→ EXERCISE INSTRUCTIONS
Your answer must consist of exactly the lines below, starting with the line with "園林花園里用原木和鵝卵石堆砌組成的步道" and going on through the line with "囊式定壓罐的工作原理:囊式定", and nothing else.

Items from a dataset
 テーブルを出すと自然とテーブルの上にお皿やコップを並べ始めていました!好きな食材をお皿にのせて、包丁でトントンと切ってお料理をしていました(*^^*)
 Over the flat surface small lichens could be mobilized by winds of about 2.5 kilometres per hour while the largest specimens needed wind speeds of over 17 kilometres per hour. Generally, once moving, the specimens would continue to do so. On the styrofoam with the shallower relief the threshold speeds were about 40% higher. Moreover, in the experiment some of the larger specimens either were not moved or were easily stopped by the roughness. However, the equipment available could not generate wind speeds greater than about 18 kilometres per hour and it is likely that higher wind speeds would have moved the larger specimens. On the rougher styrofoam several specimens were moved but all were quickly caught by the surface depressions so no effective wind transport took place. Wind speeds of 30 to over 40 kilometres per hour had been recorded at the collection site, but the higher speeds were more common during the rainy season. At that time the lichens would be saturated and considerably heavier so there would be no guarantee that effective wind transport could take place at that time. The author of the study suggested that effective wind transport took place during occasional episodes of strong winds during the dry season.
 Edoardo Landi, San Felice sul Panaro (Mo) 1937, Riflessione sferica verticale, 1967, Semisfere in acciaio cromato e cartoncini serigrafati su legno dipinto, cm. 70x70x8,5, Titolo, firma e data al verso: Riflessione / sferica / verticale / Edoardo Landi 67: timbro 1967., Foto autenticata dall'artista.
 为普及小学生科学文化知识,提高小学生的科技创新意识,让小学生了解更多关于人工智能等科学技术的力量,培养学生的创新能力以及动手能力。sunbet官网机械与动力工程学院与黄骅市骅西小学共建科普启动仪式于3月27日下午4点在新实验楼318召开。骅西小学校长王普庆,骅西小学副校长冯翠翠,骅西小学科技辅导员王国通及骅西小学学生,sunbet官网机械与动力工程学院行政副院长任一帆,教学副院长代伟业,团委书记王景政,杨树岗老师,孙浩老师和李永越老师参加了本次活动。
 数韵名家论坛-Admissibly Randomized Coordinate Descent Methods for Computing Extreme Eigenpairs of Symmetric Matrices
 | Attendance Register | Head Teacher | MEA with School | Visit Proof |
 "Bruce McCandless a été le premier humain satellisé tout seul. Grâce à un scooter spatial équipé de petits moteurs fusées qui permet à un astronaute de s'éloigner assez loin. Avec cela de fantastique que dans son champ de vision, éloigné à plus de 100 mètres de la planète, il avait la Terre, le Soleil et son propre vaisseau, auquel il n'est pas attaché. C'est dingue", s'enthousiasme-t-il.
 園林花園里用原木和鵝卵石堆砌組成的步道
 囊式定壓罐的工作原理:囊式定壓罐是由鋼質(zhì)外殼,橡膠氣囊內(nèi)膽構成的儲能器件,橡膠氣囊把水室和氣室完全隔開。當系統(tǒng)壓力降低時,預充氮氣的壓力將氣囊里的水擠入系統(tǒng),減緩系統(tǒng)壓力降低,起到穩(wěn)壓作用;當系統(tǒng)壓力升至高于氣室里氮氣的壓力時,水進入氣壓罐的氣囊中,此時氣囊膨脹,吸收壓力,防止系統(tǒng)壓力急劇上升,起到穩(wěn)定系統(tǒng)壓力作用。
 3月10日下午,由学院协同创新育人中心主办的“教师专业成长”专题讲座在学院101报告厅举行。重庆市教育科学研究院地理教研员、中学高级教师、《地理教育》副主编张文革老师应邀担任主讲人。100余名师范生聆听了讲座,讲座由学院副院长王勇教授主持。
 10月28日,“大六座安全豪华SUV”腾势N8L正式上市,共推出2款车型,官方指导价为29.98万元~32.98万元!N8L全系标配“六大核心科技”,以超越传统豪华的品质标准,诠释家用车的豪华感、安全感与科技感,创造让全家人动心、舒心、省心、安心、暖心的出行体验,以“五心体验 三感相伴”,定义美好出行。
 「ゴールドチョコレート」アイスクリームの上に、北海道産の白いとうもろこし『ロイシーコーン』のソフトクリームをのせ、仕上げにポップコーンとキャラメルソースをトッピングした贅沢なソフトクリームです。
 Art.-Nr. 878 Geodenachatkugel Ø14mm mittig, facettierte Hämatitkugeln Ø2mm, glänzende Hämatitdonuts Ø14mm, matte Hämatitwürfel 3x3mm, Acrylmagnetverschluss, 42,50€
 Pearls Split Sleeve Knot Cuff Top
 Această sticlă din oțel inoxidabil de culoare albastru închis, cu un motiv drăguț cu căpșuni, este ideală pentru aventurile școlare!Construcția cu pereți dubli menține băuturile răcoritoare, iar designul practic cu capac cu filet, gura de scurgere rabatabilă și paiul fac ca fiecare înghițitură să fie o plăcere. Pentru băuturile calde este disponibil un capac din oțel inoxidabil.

→ TASK RESULT
 園林花園里用原木和鵝卵石堆砌組成的步道
 囊式定壓罐的工作原理:囊式定壓罐是由鋼質(zhì)外殼,橡膠氣囊內(nèi)膽構成的儲能器件,橡膠氣囊把水室和氣室完全隔開。當系統(tǒng)壓力降低時,預充氮氣的壓力將氣囊里的水擠入系統(tǒng),減緩系統(tǒng)壓力降低,起到穩(wěn)壓作用;當系統(tǒng)壓力升至高于氣室里氮氣的壓力時,水進入氣壓罐的氣囊中,此時氣囊膨脹,吸收壓力,防止系統(tǒng)壓力急劇上升,起到穩(wěn)定系統(tǒng)壓力作用。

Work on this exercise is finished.